> Data records:
[Start of Attachment]
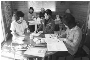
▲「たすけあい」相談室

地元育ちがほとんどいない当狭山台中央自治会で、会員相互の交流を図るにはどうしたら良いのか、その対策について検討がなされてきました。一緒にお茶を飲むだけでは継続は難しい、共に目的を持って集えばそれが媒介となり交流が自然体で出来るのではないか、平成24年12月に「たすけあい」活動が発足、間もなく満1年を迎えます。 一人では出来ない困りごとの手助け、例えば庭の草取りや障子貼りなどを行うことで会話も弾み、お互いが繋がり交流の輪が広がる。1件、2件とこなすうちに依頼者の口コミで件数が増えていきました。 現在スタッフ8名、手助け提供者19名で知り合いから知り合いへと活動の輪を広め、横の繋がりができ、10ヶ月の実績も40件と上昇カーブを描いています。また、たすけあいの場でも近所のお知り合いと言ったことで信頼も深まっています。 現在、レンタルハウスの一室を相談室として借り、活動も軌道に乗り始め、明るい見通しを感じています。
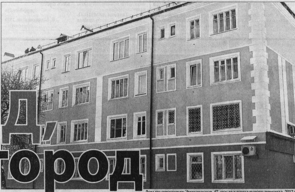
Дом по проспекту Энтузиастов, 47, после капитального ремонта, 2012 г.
[End of Attachment]
[Start of Attachment]
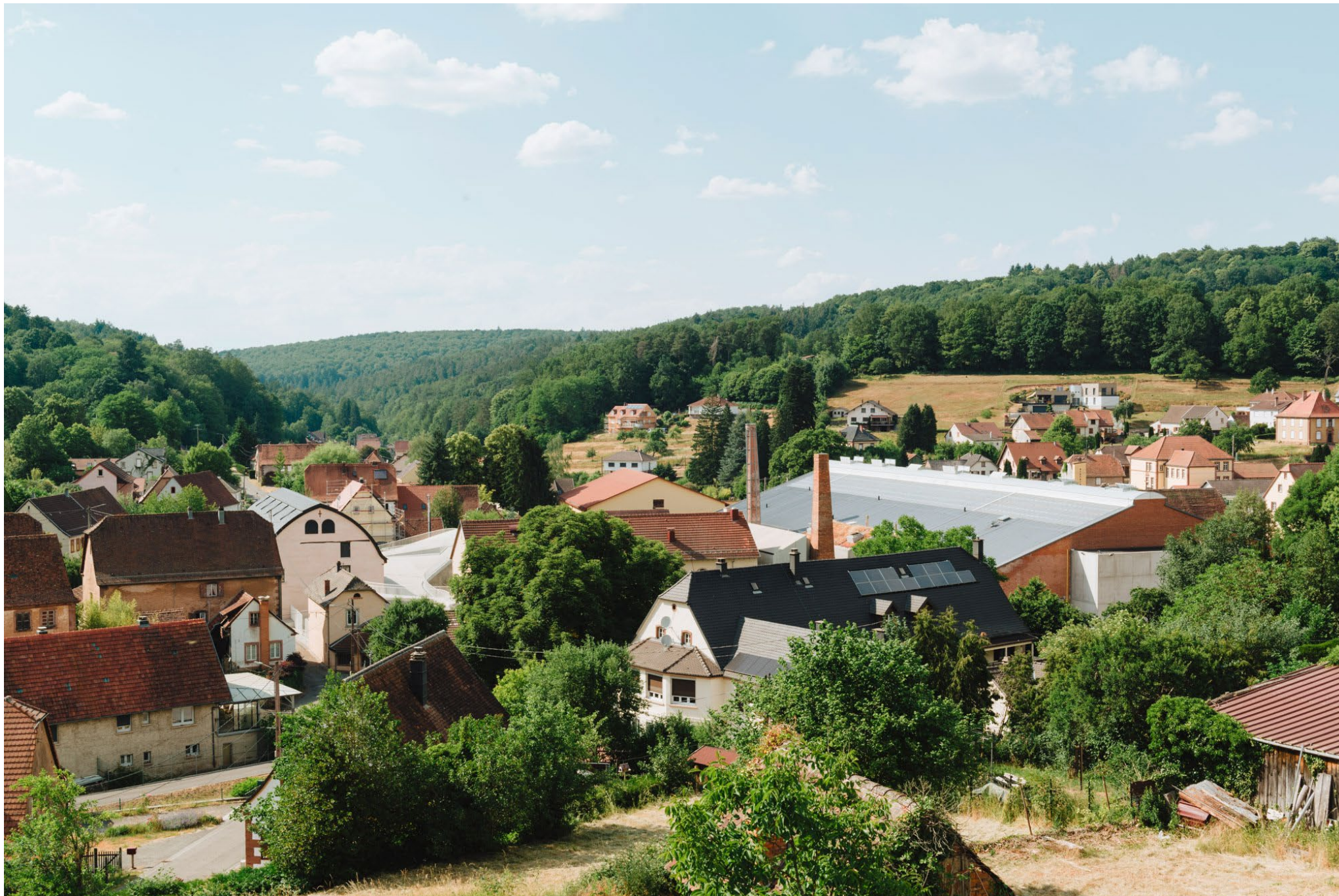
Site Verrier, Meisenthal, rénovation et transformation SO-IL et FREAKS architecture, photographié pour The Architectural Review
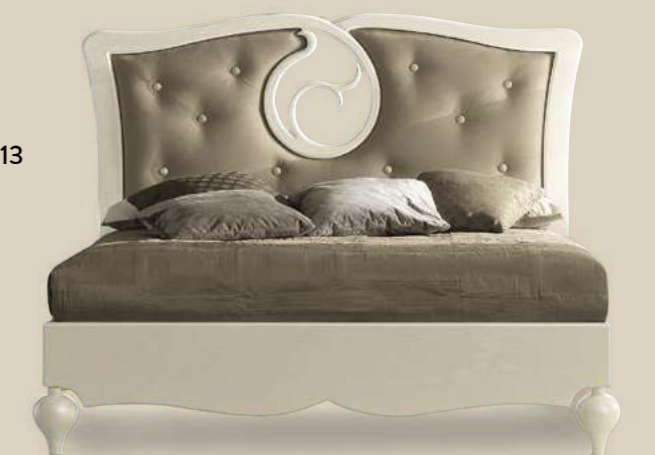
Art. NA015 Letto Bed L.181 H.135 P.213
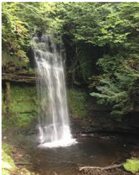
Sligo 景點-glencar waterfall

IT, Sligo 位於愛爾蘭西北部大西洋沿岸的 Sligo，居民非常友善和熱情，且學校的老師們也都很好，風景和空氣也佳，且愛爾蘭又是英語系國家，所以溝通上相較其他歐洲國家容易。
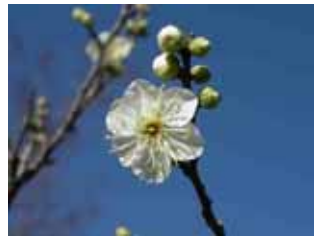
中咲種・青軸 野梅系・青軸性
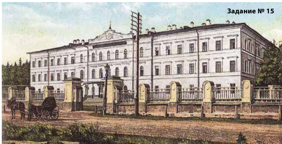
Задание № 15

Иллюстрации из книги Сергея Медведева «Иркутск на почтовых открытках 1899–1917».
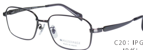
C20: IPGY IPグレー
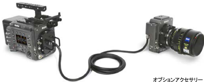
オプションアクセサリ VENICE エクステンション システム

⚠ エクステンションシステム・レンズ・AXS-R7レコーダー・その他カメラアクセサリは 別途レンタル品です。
[End of Attachment]
[Start of Attachment]
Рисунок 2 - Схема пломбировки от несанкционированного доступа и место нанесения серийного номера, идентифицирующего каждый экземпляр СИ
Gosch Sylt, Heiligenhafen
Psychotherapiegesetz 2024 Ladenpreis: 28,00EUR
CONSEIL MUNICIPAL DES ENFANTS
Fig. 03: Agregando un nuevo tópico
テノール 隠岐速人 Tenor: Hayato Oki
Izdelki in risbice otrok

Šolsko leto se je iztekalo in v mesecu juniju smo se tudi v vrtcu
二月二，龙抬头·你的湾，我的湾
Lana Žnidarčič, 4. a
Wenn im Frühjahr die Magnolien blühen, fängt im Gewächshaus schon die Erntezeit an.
[End of Attachment]
> Task to carry out: The word "Sligo" may appear in several lines of the data; copy every line where it does.

> Solution for this exercise:
Sligo 景點-glencar waterfall
IT, Sligo 位於愛爾蘭西北部大西洋沿岸的 Sligo，居民非常友善和熱情，且學校的老師們也都很好，風景和空氣也佳，且愛爾蘭又是英語系國家，所以溝通上相較其他歐洲國家容易。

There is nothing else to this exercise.